スウェーデン ガルボとスティルレル 「イエスタ・ベルリングの伝説」

 スウェーデンではモーリッツ・スティルレル監督の「イエスタ・ベルリングの伝説」(1924)が作られている。

 スウェーデンの作家セルマ・ラーゲルレーフの処女作で、国民的文学になっていた叙事詩的小説が原作。主人公の恋と没落を描いている。ラーゲルレーフの作品はギュスターフ・モランデル監督「イェルサレム」二部作(1925−1926)という映画化作品もある。だが、「イエスタ・ベルリングの伝説」は何よりも、グレタ・ガルボ出演作として知られる作品である。

 当時ガルボは、グレタ・グスタフソンという名前で活動しており、デパートの帽子売り場から1921年に劇場用CMや劇映画の端役として活躍していた。そんなある時、「イエスタ・ベルリングの伝説」の女優を探していた監督のモーリッツ・スティルレルに、ガルボが通っていた俳王立劇場の校長が推薦したことから出演することになったのだという。

 ガルボはスティルレルから、多くのことを学んだと言われている。

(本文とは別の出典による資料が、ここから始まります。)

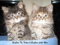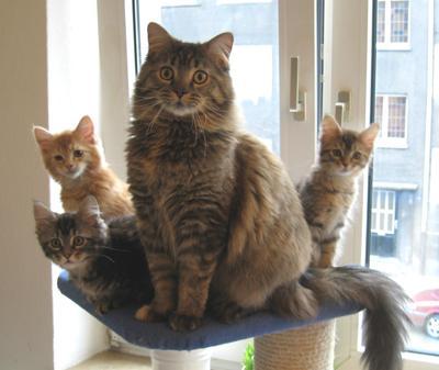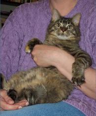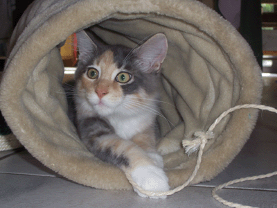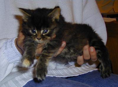 Die ersten 3 Wochen seines Lebens hat Tucker als Mädchen verbracht. Als aber sein Vater Sam eines “seiner Mädchen” anders - irgendwie grober - behandelte, wurde ich stutzig ... also gucken was der kleinen Motte fehlt ... nichts, nur irgendwie seltsame Farbe auch für ein Mäd..., hä, ein Junge !?! Na, damit hatten wir nicht gerechnet! Also Donnerstags Geschlechtsbestimmung beim Tierarzt, Freitags Farbbestimmung beim Verein ... fertig war die Überraschung: ein Torbie-Kater ... welch ein großes Glück!

演技だけではなく、容姿、服装、しゃべり方、立居振舞いなどを、スティルレルはガルボを自分の理想的なイメージに変えさせた。グレタ・グスタフソンという名前を、「ガルボ」と名づけたのもスティルレルだという。別の作品で使おうとしていた「ガボール」という名前を変えて出来たもので、「森の妖精」の意味もあるのだという。さらに、新聞記者嫌いや、完全主義、部外者をセットに入れないなどの後のガルボの特徴は、スティルレルから受け継いだのではないかという指摘もある。